In plain English: You can’t charge employees or job applicants for their own training.
It’s a question I get asked frequently, most recently by a colleague who was shocked to find that his new pair of prescription eyeglasses cost about $800.
I asked the California Department of Industrial Relations for its opinion.
Paola Laverde, a spokeswoman for the state labor agency, quoted a department “subject matter expert” as saying that “an employer which charges applicants for training violates Section 450.”
That’s a misdemeanor under California law.
I can’t say if every Pure Barre franchise charges a training fee.
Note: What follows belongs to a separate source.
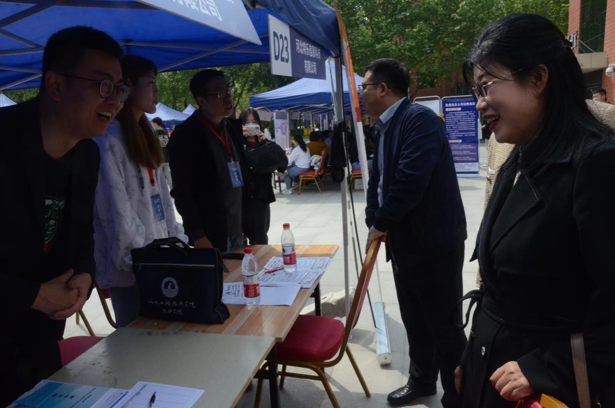 4月27日上午,软件公司协助市人社局、市教育局联合举办了“就业在‘冀’·职引未来”2023年石家庄市公共就业服务进校园软件和信息技术服务行业招聘会。在招聘会现场,软件公司赵冬梅经理、党总支书记王亚杰、教学副经理张波,特意与河北特乐信息科技有限公司、河北乐坤信息技术有限公司、河北博岳通信技术股份有限公司、河北红点通讯服务有限公司、平安普惠信息服务有限公司石家庄第一分公司、石家庄文腾商贸有限公司、石家庄朗宁体育用品科技有限公司等7家企业进行现场岗位对接交流。

But I spoke with a woman who worked as a Pure Barre instructor in Potomac Falls, Va.
She said she encountered a $1,600 training fee when she applied for the gig in 2019, although in her case the studio waived half the charge.
“It was a bit of sticker shock,” admitted Andrea Greb, 34, who now works as an aerospace engineer in Colorado. At Pure Barre, she said, she was paid $25 per class.
If nothing else, the takeaway here is for all California residents to remember they have rights under the law. And one of those rights is that you can’t be charged for your own training. Period.
Pure Barre may think it can levy its training fee as a company “certification” charge. But none of the lawyers I spoke with found that convincing.
“This is the precise behavior that Section 450 is intended to prevent,” Pasha said. “At the end of the day, the statute is pretty clear, and they haven’t explained why the statute doesn’t apply.”
James, the Oakland lawyer, called Pure Barre’s admission that it charged a training fee “a class-action attorney’s dream.”
Which could move things from the ballet barre to the California bar. And I don’t mean the “Cheers” kind.